(Excerpts from a dataset)
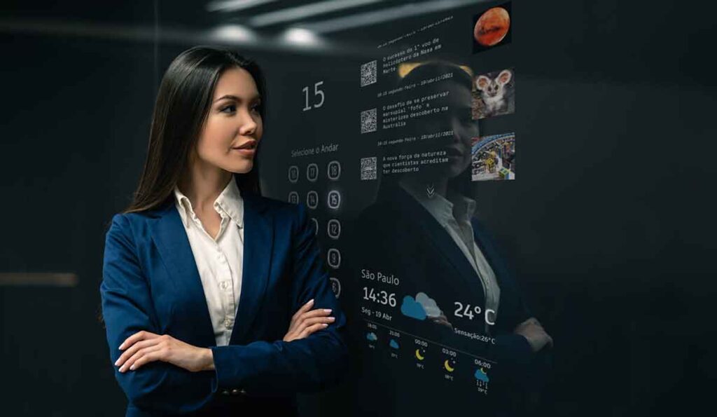 Entre as inovações que promovem uma experiência de conectividade com o passageiro está o AGILE Mirror. Trata-se de uma interface multimídia com várias opções de funcionalidades e entretenimento. Na tela refletida no espelho do elevador de alta resolução e sensível ao toque, além de escolher o andar que deseja ir, o passageiro pode ficar por dentro das últimas notícias, previsão do tempo, condições de trânsito e comunicados internos do condomínio. As configurações básicas da tela podem ser gerenciadas pelo edifício, como também o design, tudo de forma simples e conectada.
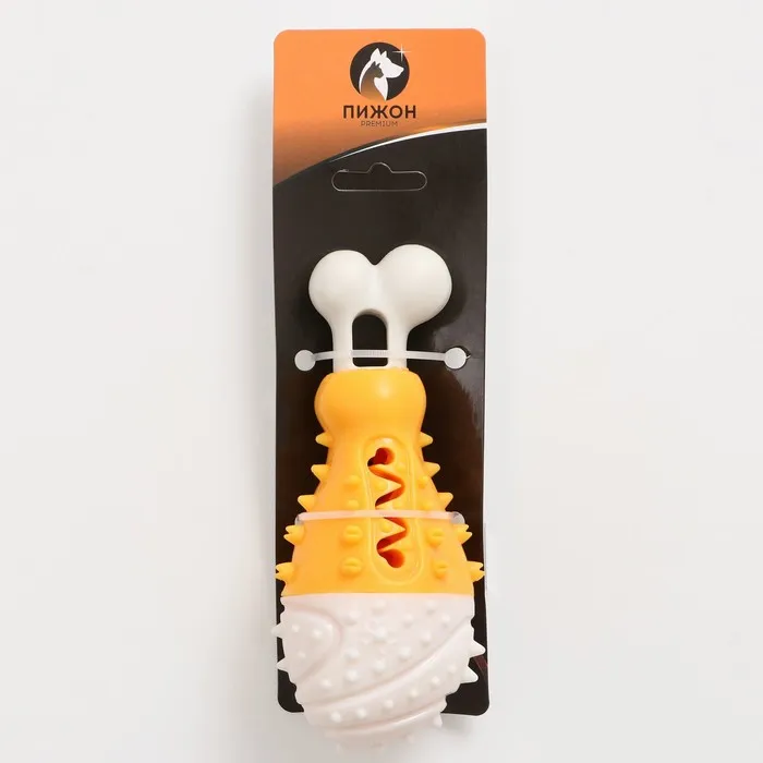 Игрушка под лакомства для собак "Голень" Пижон Premium 17 см, TPR+нейлон, желтая/белая
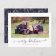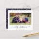 BUDGET Rustic Navy Blue Script Merry Christmas Photo Holiday Card featuring your favourite photo and a simple, yet elegant script Merry Christmas greeting. The back is a festive Christmas navy blue with a fun pattern of gold foil style holiday branches and greenery. Perfect for your holiday cards this year! **Our BUDGET paper is smaller, lighter, and more delicate, but still beautiful! Don't forget the envelopes!** If you need assistance or matching items, please contact us at cedarandstring@gmail.com.
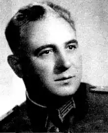 Lev Nikolov Glavinchev (April 19, 1903 - August 20, 1970) was a Bulgarian communist, officer (colonel) and politician. Glavinchev was a member of the Internal Macedonian Revolutionary Organization, and one of the most controversial personalities in the Macedonian freedom movement. An active participant in the communist partisan movement during the Second World War, he was also a commander of the First Sofian Revolutionary Operative Zone of the National Freedom Revolutionary Army (NOVA). As commendant of the People's Militsiya after the 1944 coup d'état, he personally, willingly and methodically killed officers, intellectuals and public figures.[1]
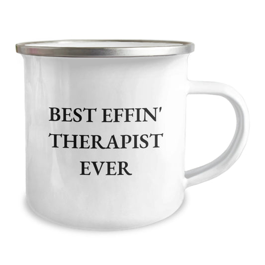Funny Therapist Gifts from Friends Christmas Unique Mugs - Best Effin' Therapist Ever Quote, 12 oz Stainless Steel Camping Mug
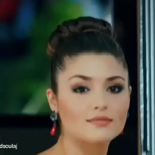 Rosto de uma mulher com cabelo castanho preso, olhos castanhos e brincos vermelhos. Ela está olhando para o lado com uma expressão neutra.
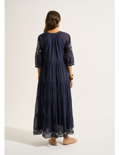 La robe ROBANA conjugue allure bohème et légèreté estivale. Confectionnée en gaze de coton, elle séduit par ses broderies contrastées et son volume aérien.
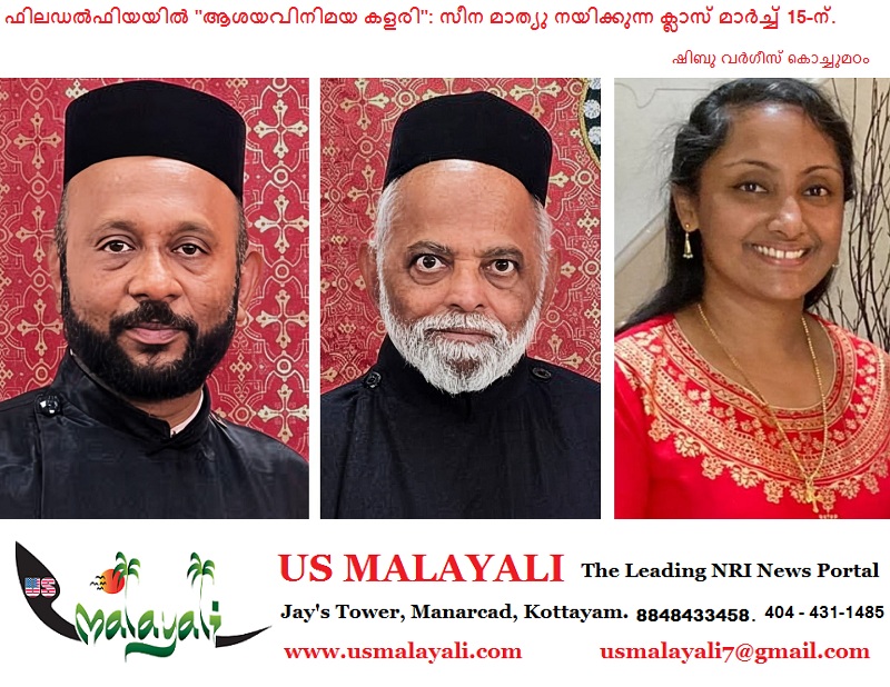 ഫിലഡൽഫിയ: കുടുംബബന്ധങ്ങളിലും സാമൂഹിക ജീവിതത്തിലും ശരിയായ ആശയവിനിമയത്തിന്റെ പ്രാധാന്യം വിളിച്ചോതിക്കൊണ്ട് ‘ഫലപ്രദമായ ആശയവിനിമയം കെട്ടിപ്പടുക്കാം’ (Building Effective Communication) എന്ന വിഷയത്തിൽ പ്രത്യേക ക്ലാസ് സംഘടിപ്പിക്കുന്നു. ഗുഡ് സമരിറ്റൻ കമ്മ്യൂണിറ്റി (സ്നേഹതീരം), സെന്റ് മേരീസ് ക്നാനായ ചർച്ച് എന്നിവർ സംയുക്തമായാണ് ഈ പരിപാടി ഒരുക്കുന്നത്.
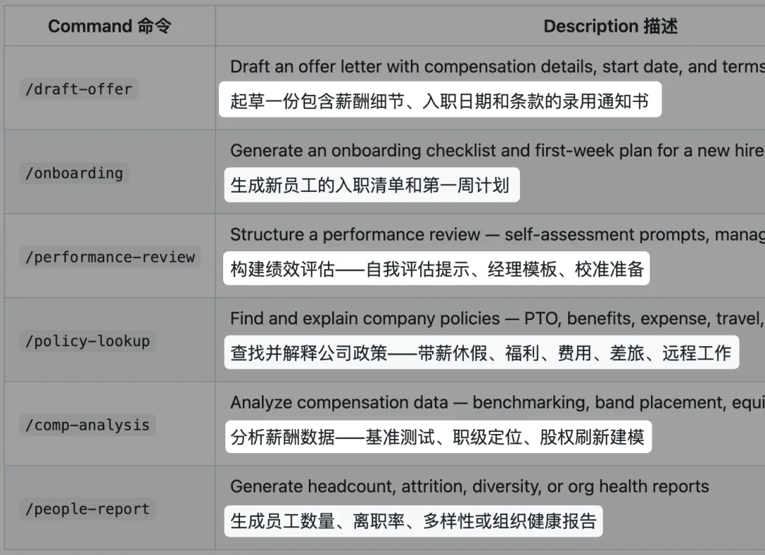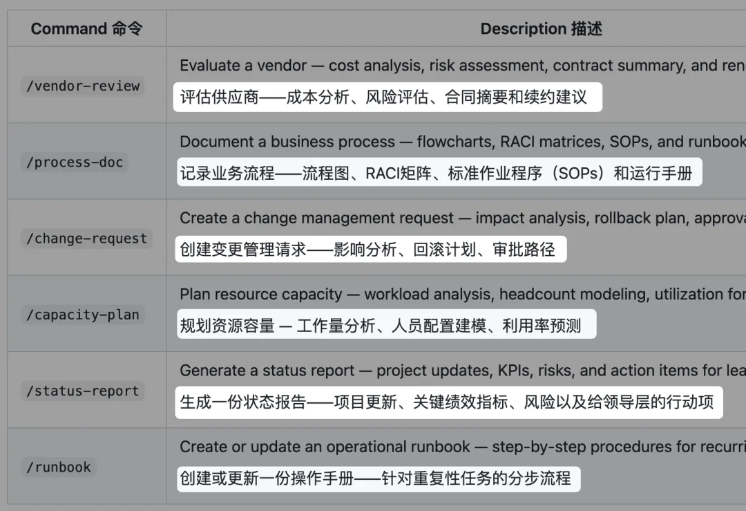 这次发布的插件不是给你一个空白AI让你从零开始训练,而是已经帮你设计好了整套工作流程。每个插件都是和对应领域的专业人士一起打磨出来的,包含了这个岗位最常用的指令和标准输出格式。
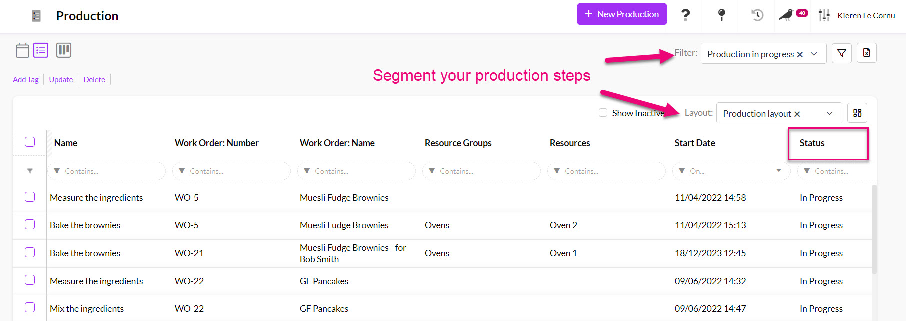 You’ll also want to set up Advanced Filters & Layouts in Manufacturing > Production so that you can segment all your Production Steps by things like Status.
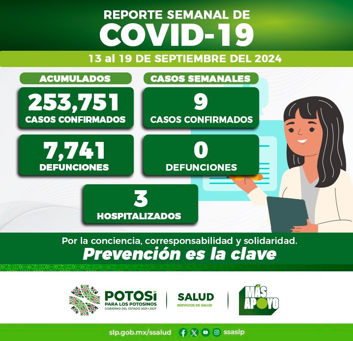 Del 13 al 19 de septiembre, se confirmaron nueve casos nuevos por Covid-19 y ninguna defunción.

PROBLEM TO SOLVE
Starting with the line that has "ഫിലഡൽഫിയ: കുടുംബബന്ധങ്ങളിലും സാമൂഹിക" and ending with the last line of the records, retype every line exactly and only those lines. Do not include the pictures.

ANSWER SECTION
 ഫിലഡൽഫിയ: കുടുംബബന്ധങ്ങളിലും സാമൂഹിക ജീവിതത്തിലും ശരിയായ ആശയവിനിമയത്തിന്റെ പ്രാധാന്യം വിളിച്ചോതിക്കൊണ്ട് ‘ഫലപ്രദമായ ആശയവിനിമയം കെട്ടിപ്പടുക്കാം’ (Building Effective Communication) എന്ന വിഷയത്തിൽ പ്രത്യേക ക്ലാസ് സംഘടിപ്പിക്കുന്നു. ഗുഡ് സമരിറ്റൻ കമ്മ്യൂണിറ്റി (സ്നേഹതീരം), സെന്റ് മേരീസ് ക്നാനായ ചർച്ച് എന്നിവർ സംയുക്തമായാണ് ഈ പരിപാടി ഒരുക്കുന്നത്.
 这次发布的插件不是给你一个空白AI让你从零开始训练,而是已经帮你设计好了整套工作流程。每个插件都是和对应领域的专业人士一起打磨出来的,包含了这个岗位最常用的指令和标准输出格式。
 You’ll also want to set up Advanced Filters & Layouts in Manufacturing > Production so that you can segment all your Production Steps by things like Status.
 Del 13 al 19 de septiembre, se confirmaron nueve casos nuevos por Covid-19 y ninguna defunción.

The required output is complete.